__Assignment__: The pictures in the listing below are to be skipped, while the lines between the line holding "Plakat w ramie" and the line holding "该气源处理三联件包括空气减压", inclusive, are to be output exactly.

__Source material__:
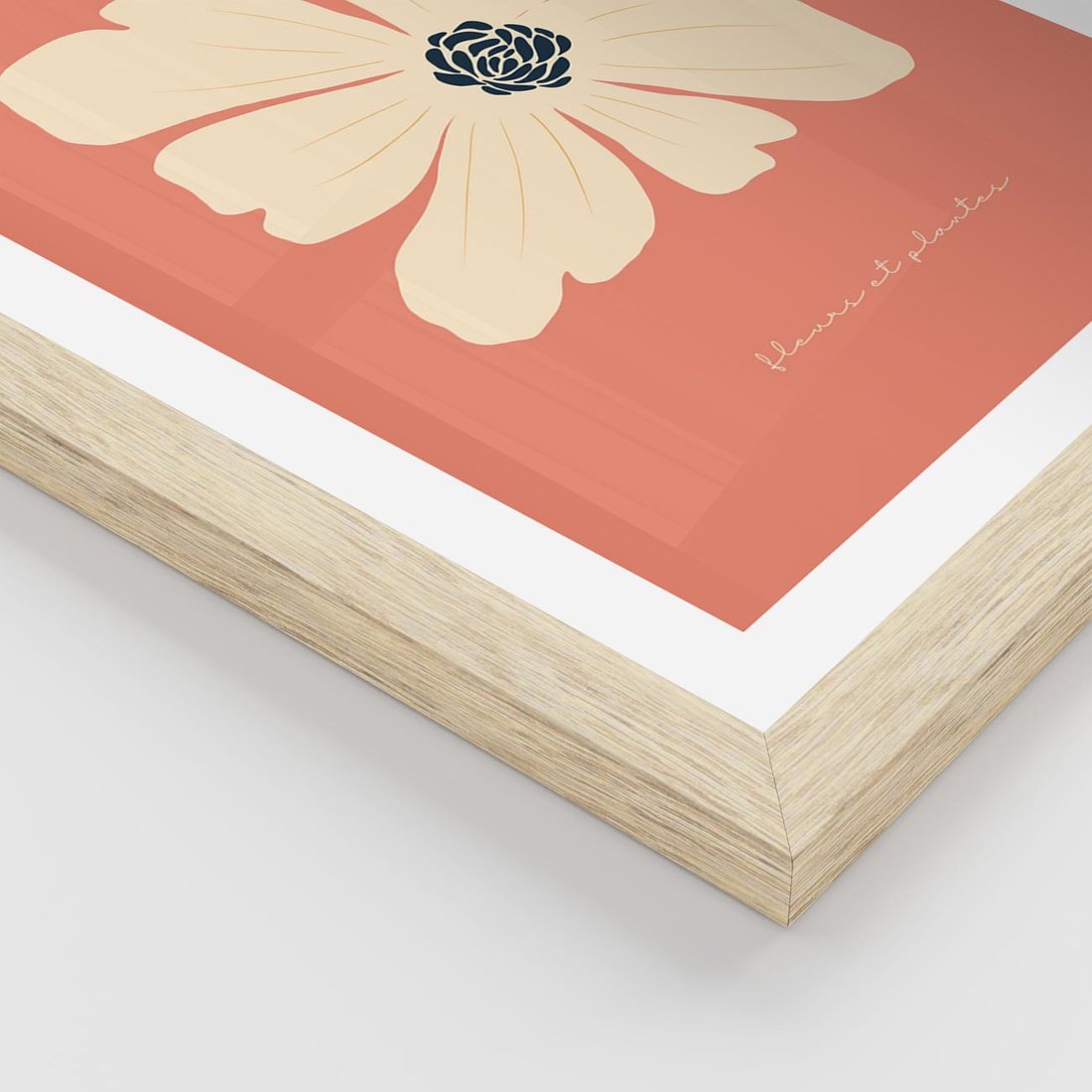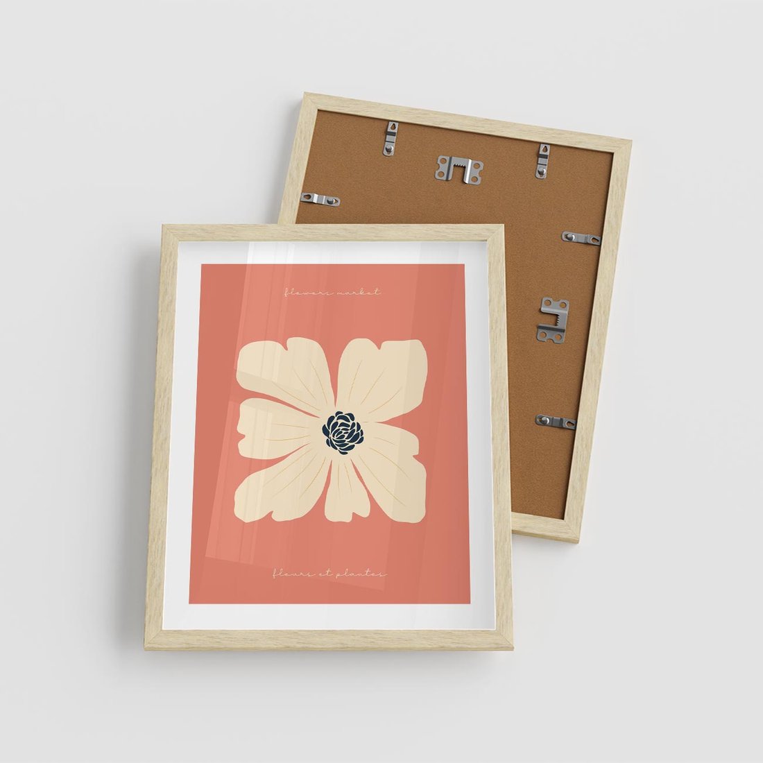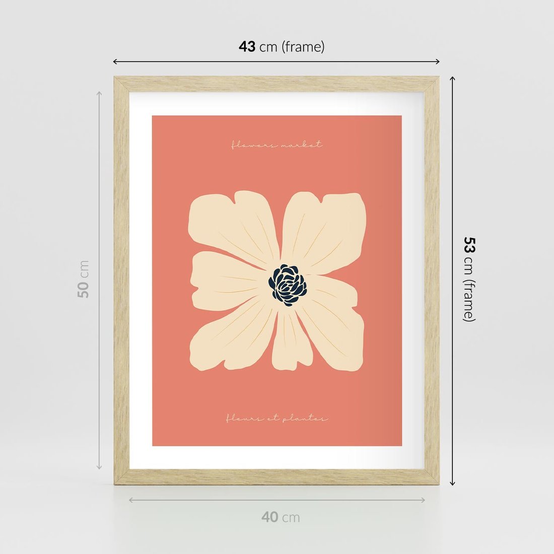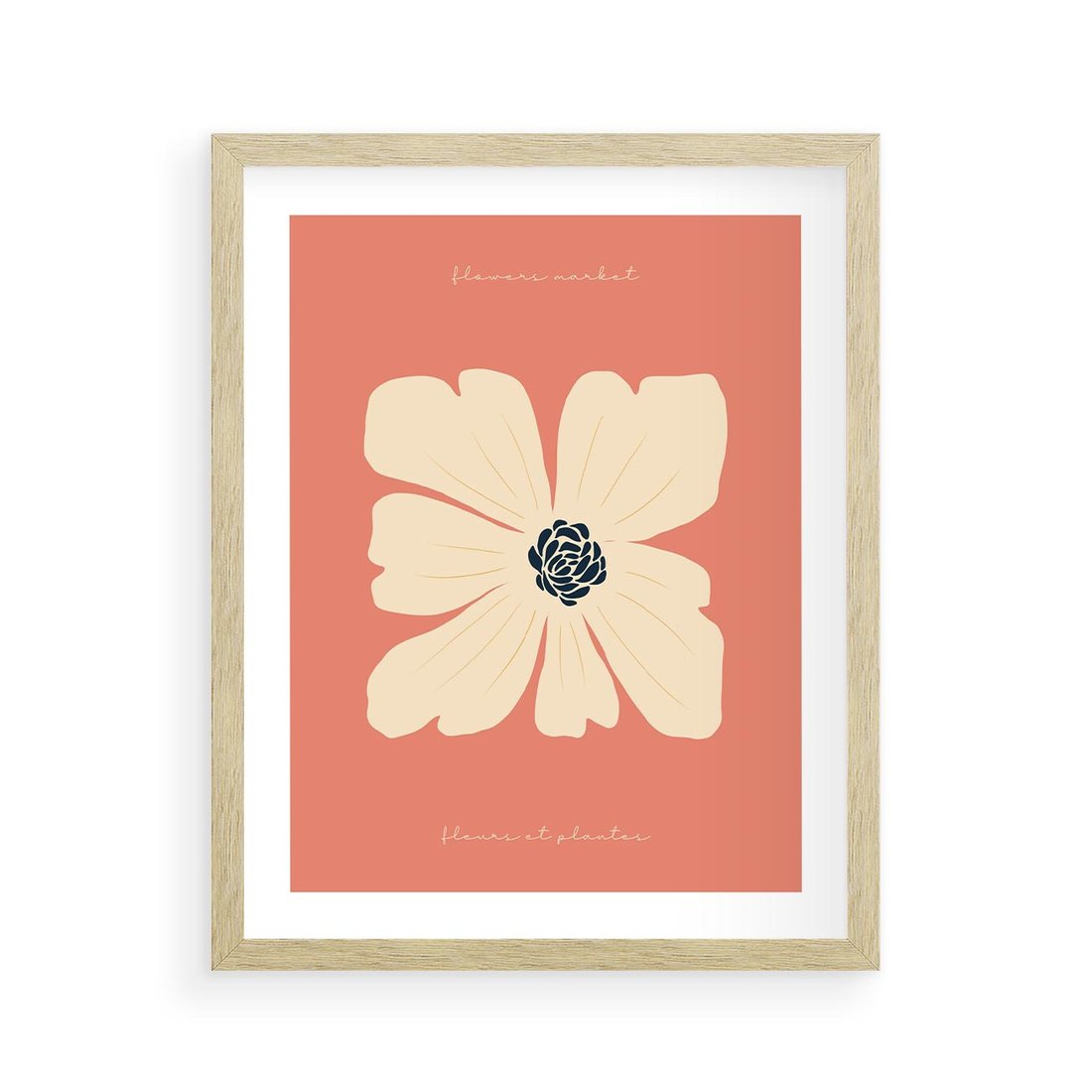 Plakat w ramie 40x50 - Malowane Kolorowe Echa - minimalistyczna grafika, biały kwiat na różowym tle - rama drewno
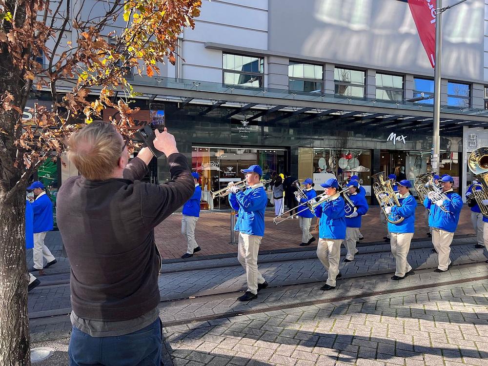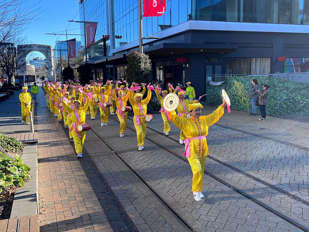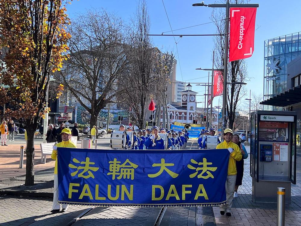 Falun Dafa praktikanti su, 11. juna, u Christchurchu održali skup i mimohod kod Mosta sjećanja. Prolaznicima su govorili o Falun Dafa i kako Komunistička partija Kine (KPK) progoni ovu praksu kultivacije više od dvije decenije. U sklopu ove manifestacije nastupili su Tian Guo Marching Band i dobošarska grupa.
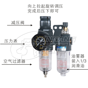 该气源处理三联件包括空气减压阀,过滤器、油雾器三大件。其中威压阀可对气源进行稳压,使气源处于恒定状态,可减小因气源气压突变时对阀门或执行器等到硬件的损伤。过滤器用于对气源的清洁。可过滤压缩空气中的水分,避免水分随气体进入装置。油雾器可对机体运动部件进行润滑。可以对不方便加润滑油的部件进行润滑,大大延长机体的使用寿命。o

==

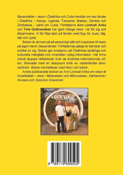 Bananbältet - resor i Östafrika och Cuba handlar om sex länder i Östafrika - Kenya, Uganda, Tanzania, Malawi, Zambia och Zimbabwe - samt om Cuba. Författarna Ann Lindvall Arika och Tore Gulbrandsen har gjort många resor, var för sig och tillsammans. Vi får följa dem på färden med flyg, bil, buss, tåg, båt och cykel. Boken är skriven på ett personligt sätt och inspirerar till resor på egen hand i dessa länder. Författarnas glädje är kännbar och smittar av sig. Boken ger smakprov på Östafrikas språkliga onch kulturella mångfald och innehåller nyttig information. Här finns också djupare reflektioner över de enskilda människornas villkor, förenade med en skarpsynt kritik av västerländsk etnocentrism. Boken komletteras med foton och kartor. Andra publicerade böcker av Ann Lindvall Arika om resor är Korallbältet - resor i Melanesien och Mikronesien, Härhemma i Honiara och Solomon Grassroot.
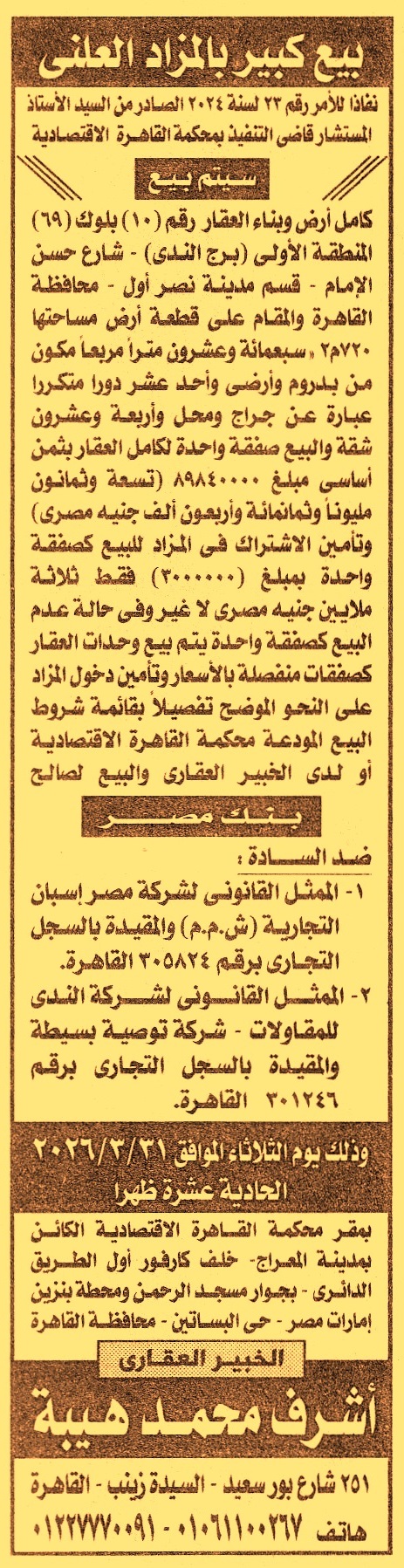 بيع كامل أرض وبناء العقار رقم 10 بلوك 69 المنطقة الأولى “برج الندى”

__Result below__:
 Plakat w ramie 40x50 - Malowane Kolorowe Echa - minimalistyczna grafika, biały kwiat na różowym tle - rama drewno
 Falun Dafa praktikanti su, 11. juna, u Christchurchu održali skup i mimohod kod Mosta sjećanja. Prolaznicima su govorili o Falun Dafa i kako Komunistička partija Kine (KPK) progoni ovu praksu kultivacije više od dvije decenije. U sklopu ove manifestacije nastupili su Tian Guo Marching Band i dobošarska grupa.
 该气源处理三联件包括空气减压阀,过滤器、油雾器三大件。其中威压阀可对气源进行稳压,使气源处于恒定状态,可减小因气源气压突变时对阀门或执行器等到硬件的损伤。过滤器用于对气源的清洁。可过滤压缩空气中的水分,避免水分随气体进入装置。油雾器可对机体运动部件进行润滑。可以对不方便加润滑油的部件进行润滑,大大延长机体的使用寿命。o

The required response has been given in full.